The `MRTAnalysis` package provides user-friendly functions to conduct primary and secondary analyses for micro-randomized trial (MRT), where the proximal outcomes are continuous or binary and the intervention option is binary. For continuous outcomes, the estimated causal effects are on the additive scale. For binary outcomes, the estimated causal effects are on the log relative risk scale. In particular, this package can be used to

- estimate the marginal causal excursion effect
- estimate the moderated causal excursion effect, i.e., the effect modification by time-fixed or time-varying covariates.

MRT is an experimental design for optimizing mobile health interventions. The marginal and the moderated causal excursion effects are the quantities of interest in primary and secondary analyses for MRT. In this tutorial we briefly review MRT and causal excursion effects, and illustrate the use of the estimators implemented in this package for conducting primary and secondary analyses of MRT: `wcls()` (weighted and centered least squares, for MRT with continuous outcomes) and `emee()` (estimator for marginal excursion effect, for MRT with binary outcome).


# Data Structure of an MRT

In an MRT, each participant is repeatedly randomized among treatment options many times throughout the trial. Suppose there are $n$ participants, and for the $i$-th participant, they are enrolled in the trial for $m_i$ decision points. (In many MRT, the number of decision points $m_i$ is the same for all participants. This package also automatically handles the setting where $m_i$ is different for different participants, so we present the data structure in a more general way.)
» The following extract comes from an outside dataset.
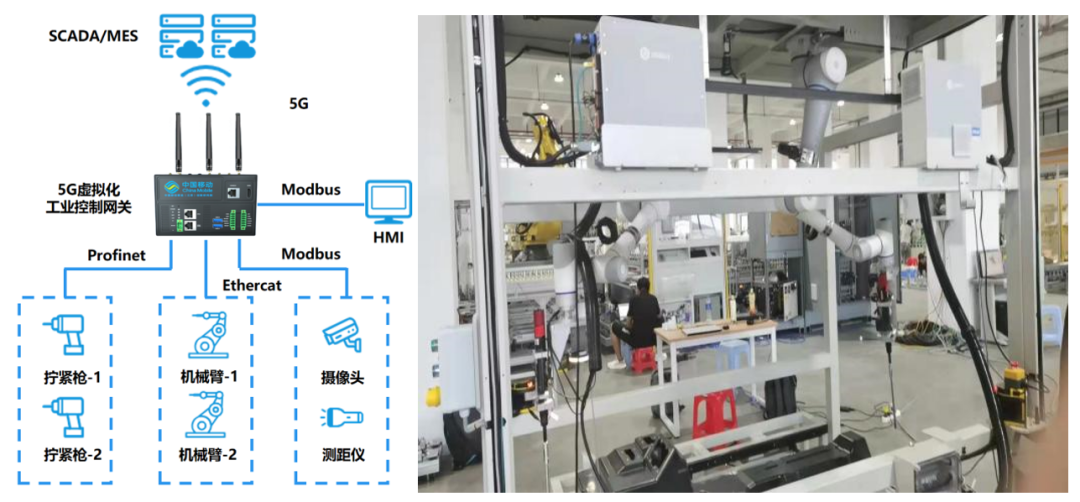 中國移動與國內某新能源廠商合作,在電池組裝產線完成5G+虛擬化PLC技術驗證應用。核心方案是采用一臺安裝虛擬化PLC的5G工業控制網關,實現對“傳統PLC+數采網關”的二合一替換。5G工業控制網關首先通過掃描槍、測距儀完成位置標定,控制機械臂移動到電池模組位置。隨后控制機械臂上的擰緊槍完成電池模組的安裝擰緊。在此案例中,5G工業控制網關不僅提供PLC實時控制服務,也提供5G數據采集、遠程運維服務。從而將傳統的“現場I/O-PLC-數采網關”三層架構壓縮成“現場I/O-5G工業控制網關”扁平架構,解決了傳統方案控制層級多、專用設備多,成本居高不下,難以實現無人化/少人化運維等痛點問題,設備硬件成本和運維成本均下降50%。

For the $i$-th participant at the $t$-th decision point, we use the triplet $(X_{it}, A_{it}, Y_{it})$ to denote the data collected, where

- $X_{it}$ denotes the (vector of) time-varying covariates.
- $A_{it}$ denotes the binary treatment assignment; $A_{it} = 1$ if randomized to intervention, $A_{it} = 0$ if randomized to no intervention.
  - $A_{it}$ is randomized with success probability $p_{it}$. For many MRTs the $p_{it}$ is a constant throughout the trial for all participants (e.g., $p_{it} = 0.6$), but for some MRTs $p_{it}$ may depend on the past observations of the participant and thus is different for different $(i,t)$ combinations. This packages handles both situations.
- $Y_{it}$ denotes the proximal outcome (continuous or binary) following $A_{it}$.
  - In some literature, the proximal outcome following $A_{it}$ is written as $Y_{i,t+1}$. We use $Y_{it}$ here because this aligns with the `data.frame` input: each row in the `data.frame` would correspond to $(X_{it}, A_{it}, Y_{it})$ (and possibly other variables --- see below) for a specific $(i,t)$ combination.


## Availability

An MRT may include availability considerations. When it is inappropriate or unethical to deliver interventions to an individual, that individual is considered "unavailable", and no intervention will be delivered at that decision point so $A_{it} = 0$.
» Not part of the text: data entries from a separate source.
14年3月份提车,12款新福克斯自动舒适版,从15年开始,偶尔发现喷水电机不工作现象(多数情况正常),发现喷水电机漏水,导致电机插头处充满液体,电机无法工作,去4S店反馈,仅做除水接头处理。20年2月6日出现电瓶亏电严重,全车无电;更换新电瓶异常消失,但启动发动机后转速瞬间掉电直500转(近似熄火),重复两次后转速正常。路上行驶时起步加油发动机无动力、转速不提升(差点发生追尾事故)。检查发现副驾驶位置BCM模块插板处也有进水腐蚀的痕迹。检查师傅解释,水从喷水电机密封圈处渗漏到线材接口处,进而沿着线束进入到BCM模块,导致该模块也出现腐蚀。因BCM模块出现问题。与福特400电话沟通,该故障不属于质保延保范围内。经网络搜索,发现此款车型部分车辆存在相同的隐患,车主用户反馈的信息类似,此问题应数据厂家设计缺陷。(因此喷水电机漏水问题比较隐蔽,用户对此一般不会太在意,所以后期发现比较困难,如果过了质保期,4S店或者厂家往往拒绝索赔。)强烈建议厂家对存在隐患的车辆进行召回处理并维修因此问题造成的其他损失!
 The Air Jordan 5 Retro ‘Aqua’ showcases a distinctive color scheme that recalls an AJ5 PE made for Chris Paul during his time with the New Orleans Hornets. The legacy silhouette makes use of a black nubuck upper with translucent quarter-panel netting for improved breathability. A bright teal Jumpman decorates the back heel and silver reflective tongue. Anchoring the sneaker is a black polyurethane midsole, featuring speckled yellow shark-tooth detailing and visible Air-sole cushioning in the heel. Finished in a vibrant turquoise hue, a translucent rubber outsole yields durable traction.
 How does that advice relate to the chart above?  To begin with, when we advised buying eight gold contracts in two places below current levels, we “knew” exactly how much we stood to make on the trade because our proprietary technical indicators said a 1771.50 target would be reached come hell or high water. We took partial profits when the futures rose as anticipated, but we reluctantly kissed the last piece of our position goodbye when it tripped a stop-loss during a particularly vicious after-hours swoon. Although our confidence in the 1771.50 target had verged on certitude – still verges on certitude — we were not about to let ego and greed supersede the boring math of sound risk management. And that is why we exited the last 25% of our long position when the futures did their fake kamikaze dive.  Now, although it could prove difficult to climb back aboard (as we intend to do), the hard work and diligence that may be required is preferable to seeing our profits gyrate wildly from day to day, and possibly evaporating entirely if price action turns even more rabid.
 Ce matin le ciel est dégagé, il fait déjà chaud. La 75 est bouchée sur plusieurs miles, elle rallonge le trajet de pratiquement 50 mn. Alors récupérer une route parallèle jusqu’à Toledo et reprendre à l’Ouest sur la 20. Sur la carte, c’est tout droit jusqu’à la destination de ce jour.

Mathematically, we use $I_{it}$ denotes the availability status of participant $i$ at decision point $t$: $I_{it} = 1$ if available and $I_{it} = 0$ if unavailable. Temporal-wise, availability $I_{it}$ is determined before $A_{it}$, and one can conceptualize it by considering $I_{it}$ to be measured at the same time as $X_{it}$.


# Prepare Your Data Set for Analysis

To use any of the estimators in this package, you need to prepare your data set as a `data.frame` in long format, meaning that each row records observations from a decision point of a participant (i.e., $(X_{it}, A_{it}, Y_{it})$ (and possibly other variables --- see below) for a specific $(i,t)$ combination). The `data.frame` should be sorted so that consecutive rows should be from adjacent decision points from the same participant. Furthermore, the data set should contain the following columns:

- A user id column that distinguishes different participants.
- An outcome column that contains the proximal outcome.
- A treatment assignment column that contains the binary treatment assignment $A_{it}$ (0 or 1, 1 being the active treatment such as sending a push notification and 0 being the control option such as not sending a push notification).
- Columns that record baseline and time-varying covariates that will be used as control variables and/or moderators in the analysis.
  
The data set may also contain the following columns, depending on your MRT:

- If in your MRT the randomization probability is not a constant throughout, your data set should include a randomization probability column that contains the randomization probability $p_{it}$.
- If your MRT has availability considerations, your data set should include an availability column that contains the availability status $I_{it}$.
- Optional: If in your MRT the randomization probability is not a constant throughout, you may also provide an optional column that contains the so-called numerator probability. A carefully constructed numerator probability column may reduce the standard error of the causal effect estimates. If you are not sure what this numerator probability is, feel free to ignore it. See @boruvka2018assessing and @qian2021estimating for details.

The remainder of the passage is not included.